The NJ and maximum parsimony phylogenetic trees were consistent and showed that CERVs cluster into two distinct major clades (Fig. ), named CERV 1 and 2. CERV 1 consists of 44 sequences from 12 species of Crocodylidae, revealing for the first time the existence of a host lineage-specific ERV clade for crocodiles. CERV 2 consists of 30 sequences representing eight Alligatoridae species and the only Gavialidae species. Four sequences from three Crocodylidae species (Crocodylus niloticus, Crocodylus palustris, and Mecistops cataphractus) also clustered within CERV 2. Interestingly, sequences from both CERV 1 and 2 were found in a single Crocodylidae species (Crocodylus niloticus). Pairwise genetic distances show that the variation within CERV 1 (distance = 0.070 ± 0.006 [mean ± standard deviation]) is very much lower than that within CERV 2 (distance = 0.459 ± 0.020). Analyses also show that all CERV 2 sequences are distinct, revealing additional diversity and new minor clades within this unusual clade (Fig. ) that have not been reported previously.
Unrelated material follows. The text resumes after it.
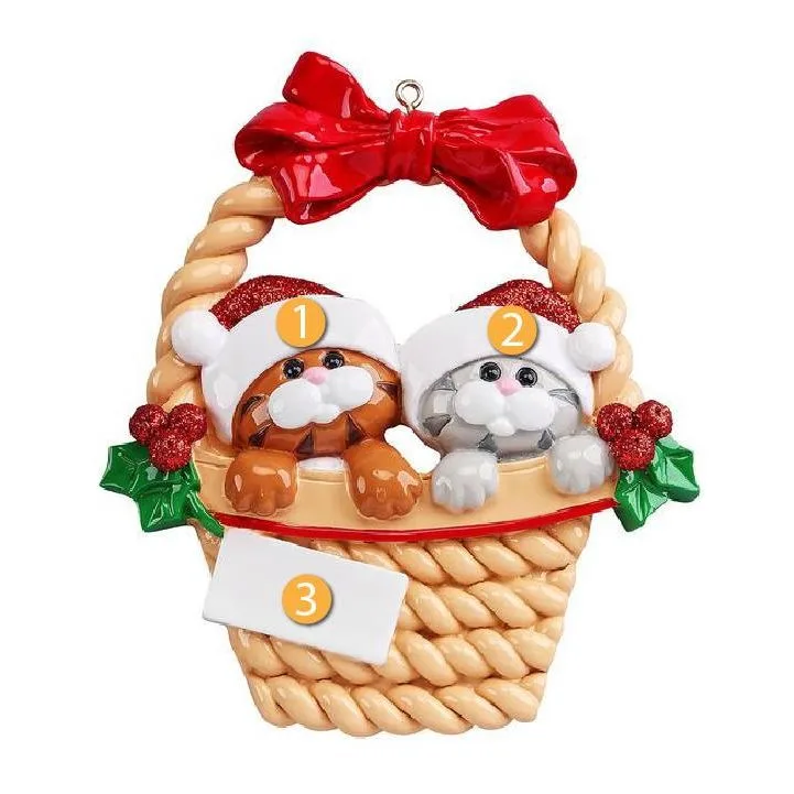 Rudolph & Me Personalized Kitty Couple Ornament is the perfect decoration for those who want to show some love for their furry friends. This ornament features two loveable festive kittens, one orange and one grey, with Santa hats in a woven basket with holly on it. Multiple white spaces act as a spot for you to write a special personalized message. For convenience, this ornament has a hoop at the top so you can easily thread a ribbon through to place on the tree. Great gift idea for a family member or friend who loves cats!

In contrast, CERV 1 sequences show a high degree of similarity between species, and some of them are identical within species, including those from C. intermedius, C. siamensis, and C. moreletii.
Analysis of phylogenetic relationships with known ERVs showed that CERV 1 clusters closely with two clades of
Gammaretrovirus (birds and reptiles/mammals/amphibians/human), showing polytomy and long branch lengths with respect to each other (Fig. ). Clade CERV 2 clustered distantly from all known ERVs (Fig. ). These relationships are also supported by the amino acid similarity between a known representative of
Gammaretrovirus, murine leukemia virus, and CERV clades. In agreement with the results of previous CERV studies (
17), the amino acid similarity was lower for CERV 2 (24%) and higher for CERV 1 (47%) (Table ).
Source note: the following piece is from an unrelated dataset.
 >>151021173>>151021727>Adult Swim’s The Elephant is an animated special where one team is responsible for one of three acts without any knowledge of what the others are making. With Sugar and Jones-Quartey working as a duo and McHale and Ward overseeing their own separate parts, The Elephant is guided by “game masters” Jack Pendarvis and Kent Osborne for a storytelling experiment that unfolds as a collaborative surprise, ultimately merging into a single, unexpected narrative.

| TABLE 1.Percentages of similarity between CERV 1 and CERV 2 and exogenous members of the Retroviridae |
The comparison of CERV and host species phylogenies (
6,
12,
19) showed discordance. While crocodilian host phylogenies based on DNA sequence data are quite well defined, this was not the case within the CERV clades. Both CERV 1 and 2 showed a mixture of internal topologies from symmetric (bushlike), to random, to asymmetric with differential branch lengths, making it difficult to assess any coevolutionary patterns. Given that CERV 1 appeared to be specific to the Crocodylidae family and that its internal branch lengths were considerably shorter than those observed in the crocodile host phylogeny (
5) and CERV 2, it is plausible that CERV 1 has a lower mutation rate and represents a relatively recent retroviral infection that occurred after the divergence of the Crocodylidae and Alligatoridae families from the common ancestor.
The current investigation has confirmed the existence of two groups of ERVs and revealed additional distribution and diversity among extant members of the Crocodylia. Interestingly, we found a host lineage-specific clade which could have potential for use in the identification of members of the Crocodylidae at the family level. The data generated here will assist future studies identifying orthologous and paralagous ERVs among crocodilian species to assess the variation, distribution, and taxonomy of these retroelements within crocodilian species and populations.